Он встретил его в коридоре перед их кабинетом и сразу же впился в него глазами, с маниакальным вниманием рассматривая всего — от кончиков аккуратно подстриженных ногтей и до закругленного краешка хорошо отглаженного светло-бежевого пиджака. Аллег встретил его улыбкой.
— Привет, парень, — радушно произнес он, пожимая ему руку. — От тебя с Рождества ни слуху ни духу! Как ты?
— Все хорошо, — ответил Томми.
Он старался звучать нормально, обыденно, «как обычно». У него получилось — Аллег покивал и заговорил о чем-то другом, пропуская его в кабинет.
«Он не прошибаем, — осознал Томми. — Он в упор не может увидеть, что что-то не так. Не может… или не хочет».
Парню очень не понравилась эта мысль. Откуда ему, блять, знать?! Вот откуда?! Самым умным себя вообразил, знаток малолетний?! Двоих альтернативно одаренных поймал и думаешь, что превратился в гения психоанализа? Нет. Просто я сам такой же… альтернативно одаренный. А, как говорится, рыбак рыбака… Нет! Нет, нет, нет! Это все чушь! Полный бред! Или все же… Томми запутался.
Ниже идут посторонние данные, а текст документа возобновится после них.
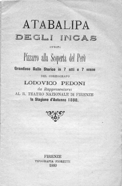 Grandioso ballo storico in 7 atti. Teatro Nazionale di Firenze, Autunno 1880. Elenco dei personaggi completo dei nomi degli interpreti.
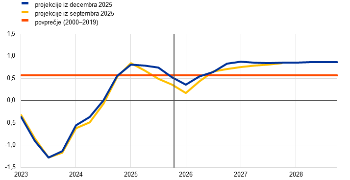 Gospodarstvo v euroobmočju se je kljub zahtevnemu svetovnemu okolju izkazalo za odporno. Realni BDP se je v tretjem četrtletju 2025 povečal za 0,3%, kar je bilo več, kot so predvidevale septembrske projekcije. To je sledilo volatilnim gibanjem v prvi polovici leta, ki so bila posledica pospešitve trgovinske menjave zaradi višjih ameriških carin in s tem povezane negotovosti ter velikih nihanj v irskih podatkih. Domače povpraševanje naj bi ostalo glavno gonilo rasti v euroobmočju ob podpori vse višjih realnih plač in zaposlenosti v okolju odpornega trga dela z rekordno nizko stopnjo brezposelnosti. Domače gospodarstvo bodo predvidoma podpirali tudi dodatni državni izdatki za infrastrukturo in obrambo, ki so bili napovedani letos, zlasti v Nemčiji, skupaj z izboljšanimi pogoji financiranja, ki so posledica rezov obrestnih mer denarne politike od junija 2024 dalje. Kar zadeva zunanje okolje, so na področju konkurenčnosti sicer še vedno prisotni izzivi, vključno z nekaterimi, ki so strukturne narave, vendar naj bi se izvoz naslednje leto okrepil. Izboljšanje bo posledica odboja tujega povpraševanja ob zmanjševanju negotovosti glede trgovinskih politik, čeprav bo vpliv višjih carin čedalje bolj opazen. Povprečna letna realna rast BDP bo po projekcijah znašala 1,4% v letu 2025, 1,2% v letu 2026, 1,4% v letu 2027 in 1,4% v letu 2028. V primerjavi s septembrskimi projekcijami je bila rast BDP popravljena navzgor v celotnem obdobju projekcij, in sicer zaradi boljših podatkov od pričakovanih, manjše negotovosti glede trgovinskih politik, močnejšega zunanjega povpraševanja in nižjih cen energetskih surovin.[1]
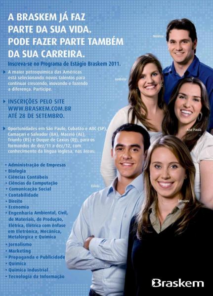 Acesse www.braskem.com.br e confira os detalhes do Programa de Estágio Braskem 2011. As inscrições vão até o dia 28 de setembro.
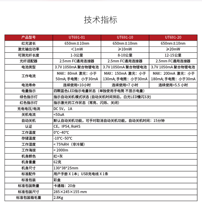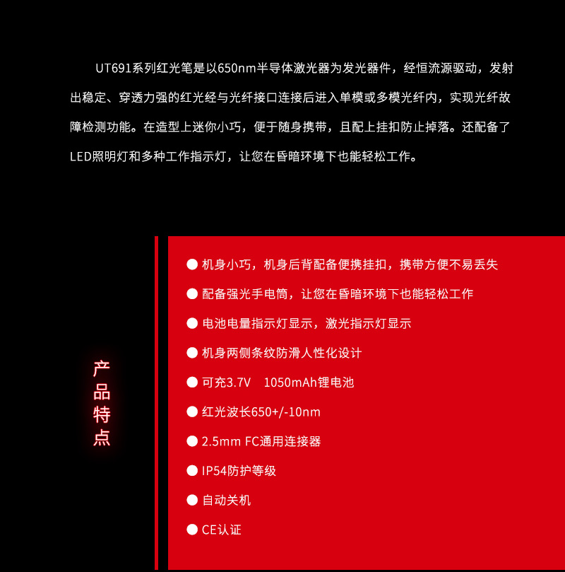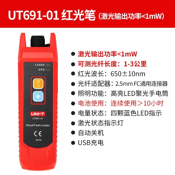 "优利德UT691红光笔15公里光纤测试笔通光笔打光笔红光源测试仪 UT691-01(可测光纤长度1-3公里)"商品可能已被商家删除,您可查看其他相似商品!
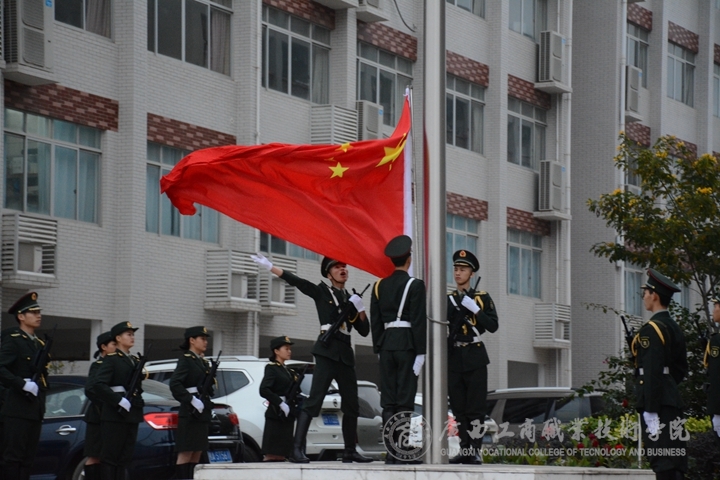隨風(fēng)飄揚(yáng)的五星紅旗下面,覃武云同志給廣商院學(xué)子提出三點(diǎn)希望:一是希望同學(xué)們能發(fā)揚(yáng)廣商院"精工智商"的精神。勤于學(xué)習(xí),善于學(xué)習(xí),做一個(gè)勤奮好學(xué)的學(xué)生!發(fā)揚(yáng)廣商院積極向上的精神風(fēng)貌!二是希望同學(xué)們能發(fā)揚(yáng)廣商院"明德修身"的精神,做一個(gè)有道德、有修養(yǎng)、有內(nèi)涵的人。希望同學(xué)們?cè)趯W(xué)習(xí)專業(yè)知識(shí)的同時(shí)也要不斷加強(qiáng)自身的思想道德修養(yǎng)。三是希望同學(xué)們砥礪奮進(jìn)。希望同學(xué)們?cè)谛碌膶W(xué)期里要不忘初心,克服困難,勇攀學(xué)習(xí)的高峰。
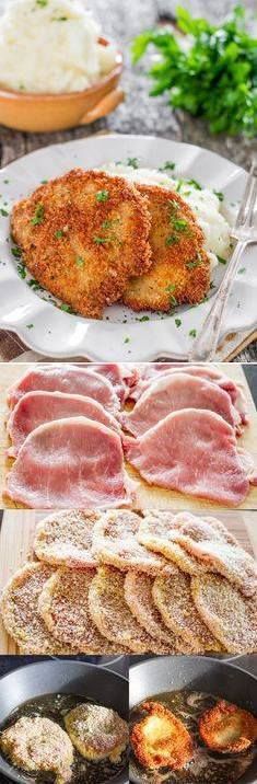 Diet Plans: PORK SCHNITZELS ~ 10 boneless pork chops…2 large eggs…1 c. flour…1 c. Pank… October 8, 2017, 1:27 am 2.2k Views Fast Diet : Illustration Description PORK SCHNITZELS ~ 10 boneless pork chops…2 large eggs…1 c. flour…1 c. Panko crumbs…salt & pepper to taste…vegetable oil for frying 19 shares

Первый рабочий день дался ему очень тяжело. Голова гудела и никак не хотела перестраиваться на нужный лад. Отчеты, столбцы, алгоритмы… Они рябили перед ним, не складываясь в понятную его рабочему глазу картину. Компьютер невероятно раздражал, выдавая одну ошибку за другой. У Томми от перенапряжения мелко тряслись руки.
— Так хорошо отметил? — с лукавой улыбкой спросил Аллег, заметив это.
— Да, думаю именно в этом дело, — ответил Томми.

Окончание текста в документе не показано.